This is not the first time that hedge funds’ influence over markets has come in for criticism. Characterized as the Masters of the Universe in the 1980s, they’d taken a chunk of the business of old-money bankers by the mid-2000s with the sheer size of their investments.
Now, hedge funds are losing market share along with other active managers as their $3 trillion industry is pilloried for high fees and under-performance by critics ranging from anti-capitalist protestors to billionaire Warren Buffett.
Singer, the founder of Elliott Management Corp., warned of the dangers of passive investing in a letter to clients last month, saying it damages markets because it doesn’t discriminate: If bad companies attract investment along with good companies, he said, there’s little incentive for them to create shareholder value.
The Elliott boss, whose main hedge funds manage $33 billion, is well known for his high-profile activist wagers, and argued that passive investing is a “blob,” whose practitioners aren’t really “investing” at all.
FCA Report
Active money managers who contributed to the Financial Conduct Authority’s recent study of the $9 trillion U.K. asset-management industry echoed these complaints. They told the regulator that the popularity of passive investing risks allocating money to larger companies at the expense of smaller ones that are less represented in indexes.

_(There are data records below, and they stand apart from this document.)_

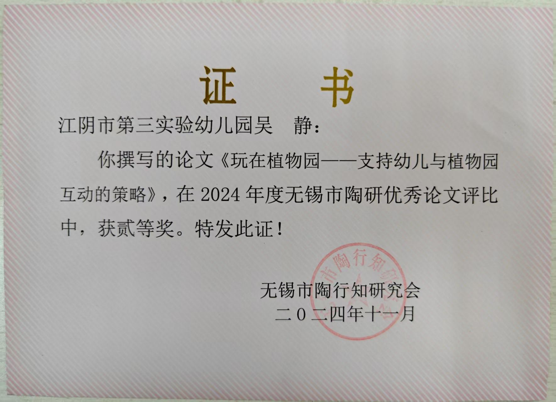 吴静:论文《玩在植物园——支持幼儿与植物园互动的策略》获无锡市二等奖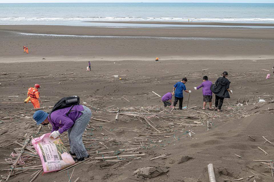 這次的淨灘活動,有企業員工、在地居民、學生一起參與。翻攝桃園市政府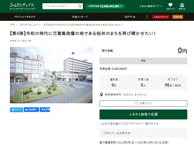 奈良県桜井市とふるさとチョイス、ふるさと納税制度を活用したガバメントクラウドファンディング®で、桜井市の玄関口「桜井駅前」活性化のため200万円の資金調達を開始

They also warned that hedge funds’ involvement in price setting is “leading to larger divergences between prices and long-term values,” according to the June report.
Yet critics of active management characterized the industry’s complaint as an attempt to mask its failure to deliver value and retain clients in a market where unprecedented quantitative easing is damping price swings while sending stocks to record highs.
“It’s the last roll of the dice,” said Alan Miller, founding partner and chief investment officer at London-based wealth manager SCM Direct. Miller is a well-known campaigner against hidden fees in the industry, while his business partner and wife, Gina, recently came to prominence by taking the British government to court over its Brexit plans.
“The active asset-management industry is obviously under huge pressure because its performance has been disappointing for a long time,” he said. “It’s trying to cling on, with a feeble excuse to justify its existence.”